首页 > 解决方案 > 如何计算重复项和输出变量的来源

问题描述

我在 R 中有 12 个不同长度的变量。它们每个都包含一个氨基酸列表。我已经使用 cbind() 将它们合并到一个数据框中,我想输出每个序列重复的次数以及在哪个变量中找到了重复项。我已成功使用 table() 函数输出序列重复的次数,但我找不到确定重复出现位置的方法。

以下是数据示例:

S1 <- c("CVVSTNGGSGTYKYIF", "CVVSLKF_GYALNF", "CAVNTQCSPDTCSLYPNLPCPRNA*CRAGVQT_VLFRSVWRV*NDGFCNDLEHCVSNFGNEKLTF")

S2 <- c("CVVSTNGGSGTYKYIF", "CVVSLKF_GYALNF", "CAVNTQCSPDTCSLYPNLPCPRNA*CRAGVQT_VLFRSVWRV*NDGFCNDLEHCVSNFGNEKLTF", "CAAGYGKLTF", "CVVL_ALMF")

S3 <- c("CAVNTQCSPDTCSLYPNLPCPRNA*CRAGVQT_VLFRSVWRV*NDGFCNDLEHCVSNFGNEKLTF", "CAAGYGKLTF", "CVVL_ALMF")

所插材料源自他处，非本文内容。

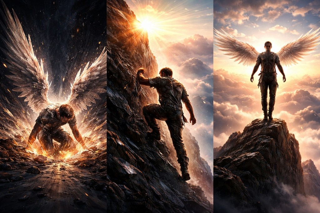 In altre parole, il percorso dell’uomo attraversa tre fasi fondamentali: la caduta, la risalita e l’equilibrio.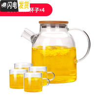 三维工匠泡茶壶玻璃可高温家用功夫茶具套装 日式大小号单烧热水蒸煮茶壶 大口1600[不锈钢盖]+4杯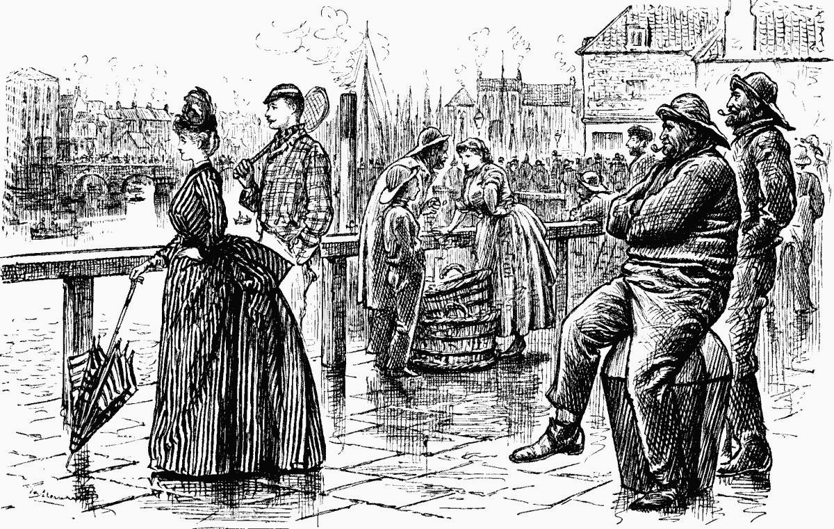 Londoners who like but are weary of the attractions of Eastend-on-Mud, and want a change, can scarcely do better than spend twenty-four hours in that rising watering-place Teapot Bay. I say advisedly "rising," because the operation has been going on for more than forty years. In these very pages a description of the "juvenile town," appeared nearly half a century ago. Then it was said that the place was "so infantine that many of the houses were not out of their scaffold-poles, whilst others had not yet cut their windows," and the place has been growing ever since—but very gradually. The "ground plan of the High Street" of those days would still be useful as a guide, although it is only fair to say that several of the fields then occupied by cabbages are now to some extent covered with empty villas labelled "To Let." In the past the High Street was intersected by roads described as "a street, half houses, half potatoes," "a street apparently doing a good stroke of business," "a street, but no houses," "a street indigent, but houseless," "a street which appears to have been nipped in the kitchens," "a street thickly populated with three inhabitants," and last but not least, "a street in such a flourishing condition that it has started a boarding-house and seminary." The present condition of Teapot Bay is much the same—the roads running between two lines of cellars (contributions to houses that have yet to be built) are numerous and testify to good intentions never fulfilled. There is the same meaningless tower with a small illuminated clock at the top of it, and if the pier is not quite so long as it was thirty or forty years ago, it still seems to be occupying the same site.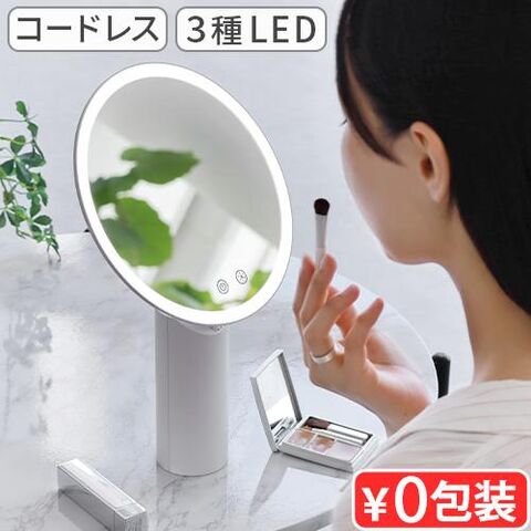 ムーンライトミラー MOONLIGHT MIRROR ≪ホワイトスターライト 25711≫ 卓上鏡 3色LED ライト付き おしゃれ 高さ調整 女優ミラー 省エネ シンプル 角度調整 コードレス 充電式 メイクミラー 丸型 ギフト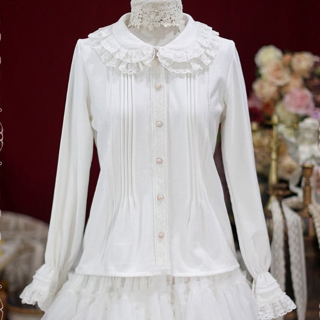 ゆめかわ♡全3カラー リボン&つけ袖付きフリルブラウス tops5★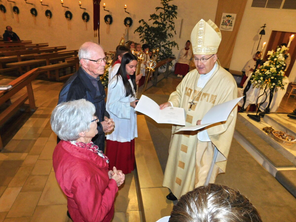 Die besondere Verehrung dieses Patrons von Bistum und Stadt Regensburg in der Dreifaltigkeitsgemeinde zog sich wie ein roter Faden durch die Botschaft, das Gebet, den Gesang sowie die Zeremonie eines in vielerlei Hinsicht bemerkenswerten Festgottesdienstes. Die Diözese feiert vom 31. Oktober 2023 bis zum 31. Oktober 2024 ein Jahr des Heiligen Wolfgang, um an die 1100-jährige Wiederkehr seines Geburtstages zu erinnern.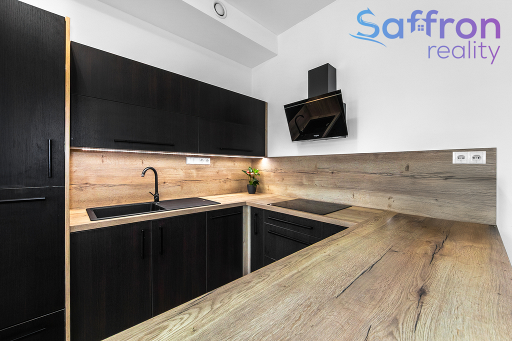 Byt se nachází v novostavbě a nabízí komfortní, moderní bydlení s důrazem na kvalitu a praktičnost. Samozřejmostí je rekuperace, která zajišťuje stálý přísun čerstvého vzduchu a zdravé vnitřní prostředí. Dominantou je prostorný obývací pokoj s kuchyňským koutem v elegantním designu, kde se snoubí tmavé prvky s dekorem dřeva a vytváří nadčasový a útulný interiér. Velkoformátová francouzská okna zajišťují dostatek denního světla a umožňují přímý vstup na soukromou zahrádku, která je ideálním místem pro relaxaci, posezení s rodinou či přáteli, ale také například pro pěstování vlastní zeleniny ve vyvýšených záhonech.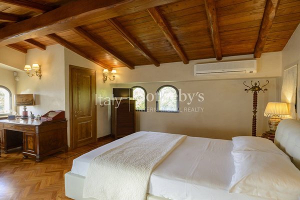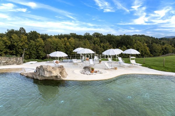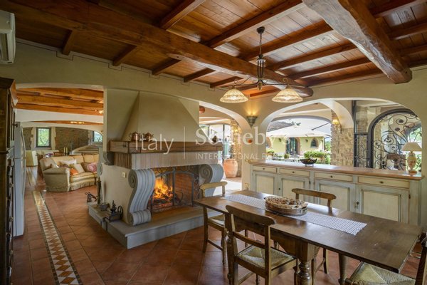 Die kürzlich renovierte Immobilie verbindet den Charme der toskanischen Tradition mit modernen Räumen, die mit allen Annehmlichkeiten ausgestattet sind. Das Anwesen ist von einem weitläufigen privaten Panoramagarten umgeben, mit einem herrlichen Pool mit Wasserfall, einem malerischen Teich mit Brücke und einem großen eigenen Wald.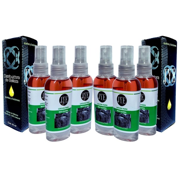 JYE Set de 6 Frascos Locion Crecimiento de Barba bergamota extra fuerte, Presentación 60 ml por botella
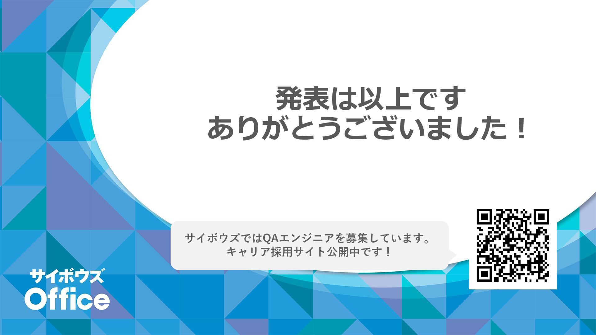 サイボウズではQAエンジニアを募集しています。 キャリア採用サイト公開中です! 発表は以上です ありがとうございました!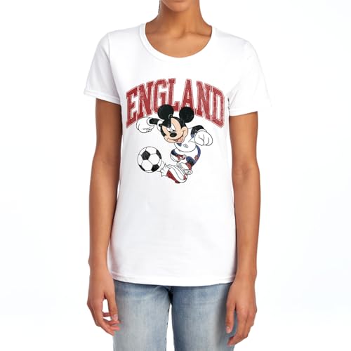 Disney Mickey Mouse England Football Womens T Shirt, White, XXL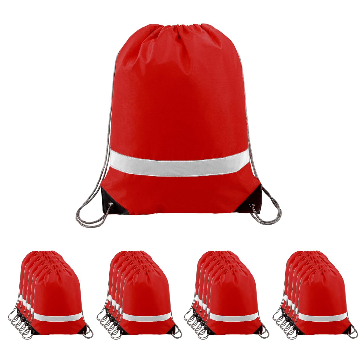 BeeGreen Reflective Drawstring Bags 20 Packs Red Large Drawstring Bags Backpack for Gym Sports Trip with Reflective Strip Cinch Sack DIY for Women Men Cinch Bags For Team…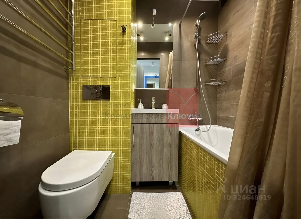 Уютная однокомнатная квартира с дизайнерским ремонтом. Выполнено зонирование с помощью реечной перегородки на спальную и гостиную зоны, вместительные шкафы с функциональной системой хранения, продуманная кухня со всей необходимой техникой быстро и легко отгораживается сдвижной стеклянной перегородкой, санузел совмещенный.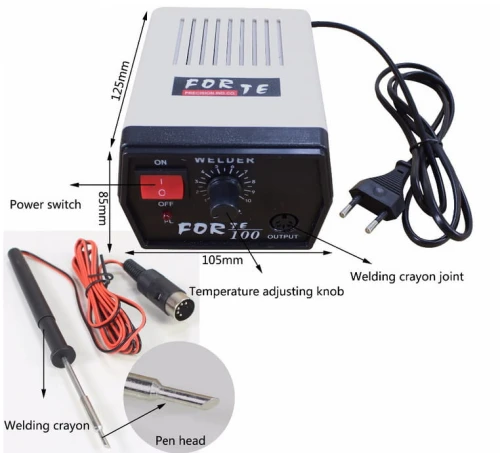 Wydajna lutownica do łączenia, cięcia i tworzenia elementów woskowych. Lutownicę można stosować do naprawy drobnych wosków i lutowania dużych elementów.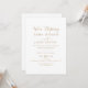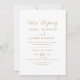 Invite a sus seres queridos a celebrar su unión con esta elegante invitación de recepción de elopamiento. Con sofisticada caligrafía en dorado champán sobre un fondo blanco crujiente, este diseño minimalista emana romance moderno y encanto atemporal. Las tarjetas de RSVP están disponibles por separado, o puede incluir detalles de RSVP en el reverso de la tarjeta.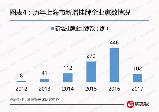 2012年以來,至2016年,上海市新三板企業(yè)的掛牌速度有增無減,2016年上海市新增掛牌新三板企業(yè)達到446家。而截至2017年6月9日,2017年前五個月上海市新增掛牌企業(yè)僅為102家,掛牌速度有所減緩。

n <- max(length(S1), length(S2), length(S3))
length(S1) <- n
length(S2) <- n
length(S3) <- n

clones <- cbind(S1, S2, S3)

freq <- as.data.frame(table(clones))
freq

这输出:

克隆 频率
CAAGYGKLTF 2
CAVNTQCSPDTCSLYPNLPCPRNA CRAGVQT_VLFRSVWRV NDGFCNDLEHCVSNFGNEKLTF 3
CVVL_ALMF 2
CVVSLKF_GYALNF 2
CVVSTNGGSGTYKYIF 2

但我想要的输出是:

克隆 频率 多变的
CAAGYGKLTF 2 S2,S3
CAVNTQCSPDTCSLYPNLPCPRNA CRAGVQT_VLFRSVWRV NDGFCNDLEHCVSNFGNEKLTF 3 S1,S2,S3
CVVL_ALMF 2 S2,S3
CVVSLKF_GYALNF 2 S1,S2
CVVSTNGGSGTYKYIF 2 S1,S2

任何帮助,将不胜感激!

标签: rcountduplicates

解决方案


vars <- c("S1", "S2", "S3") # Create a vector with the names of the variables for each vector of amino acid sequences

# For each vector of amino acid sequences, create a dataframe where the second column is
# the vector of amino acid sequences, and the first column is the name of the variable
# where the sequence is stored
dfs <- lapply(vars , function(x) as.data.frame(cbind(x, get(x)), stringsAsFactors = FALSE))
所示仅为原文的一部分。